D-Conf
Jamie McCracken
jamiemcc at blueyonder.co.uk
Fri Mar 4 18:37:08 EET 2005
Sean Middleditch wrote:
> More to everyone in general on this topic, not specifically a reply to
> this post:
>
> Does this hypothetical configuration system REALLY need to be designed
> to handle early boot up or anything like that? Is that perhaps just a
> tad bit of over-engineering for a DESKTOP configuration system? Does
> early bootup even NEED a new configuration system? Do the early bootup
> guys WANT a new configuration system? The target of the new
> configuration system is desktop apps, so there's not a whole lot to gain
> by worrying but applications outside your target application set.
Definitely desktop and definitely user settings only - we can have a
seperate system wide config for system stuff if its really needed.
>
> Does the configuration system really need multiple backends, instead of
> just writing one good one and leaving it at that? Aside from a single
> fast, efficient, secure, safe local-storage mechanism and a single
> usable remote-storage mechanism, what other backends could you need?

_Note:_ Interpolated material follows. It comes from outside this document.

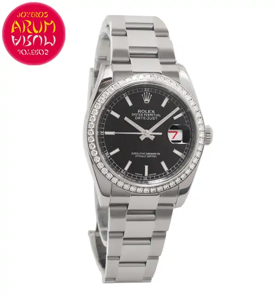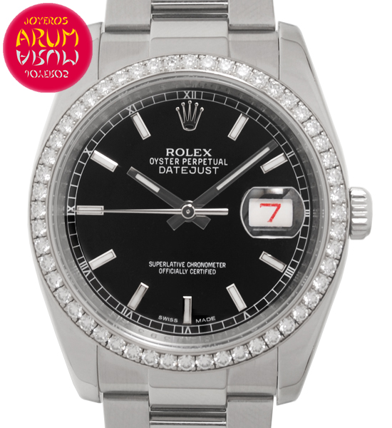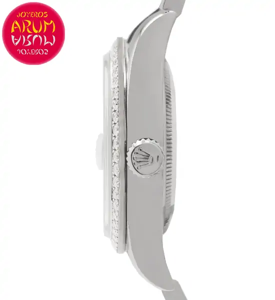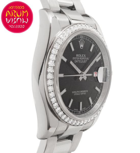 Other specifications :18K white gold bezel with 52 diamonds, date at three, central seconds, luminous marks, safety ring with serial number, screw crown.

THe only one that would satisfy me is a proper DB (berkeley DB at the
bare minimum though I would want something more powerful/expandable).
The XML stuff is very inefficient but some people want it cause you can
edit it in a text file. If you cant please everyone then unfortunately
we will end up with multiple backends.
On a side note Im planning to write a per user multithreaded daemon for
an embedded SQL DB for general purpose use (I will call it DDS - desktop
data server) and it should provide a very fast storage solution for all
the metadata, config, preferences and indexing facilities a desktop
needs (so you can kiss goodbye to all those horrible dot files). It can
be used as a backend to GConf and likewise for the other systems. (Im
thinking of using Dbus as the transport mechanism for the DDS too)
I also want to create another dbus based daemon for indexing/metadata
crawling that uses the DDS - its a bit like beagle but more powerful and
flexible and it will be suitable for freedesktop use (ie no additional
dependencies apart from the DB). And if all goes well this can then be
tied into D-VFS to create a virtual DB based filesystem much like
microsoft's WinFS :)
jamie.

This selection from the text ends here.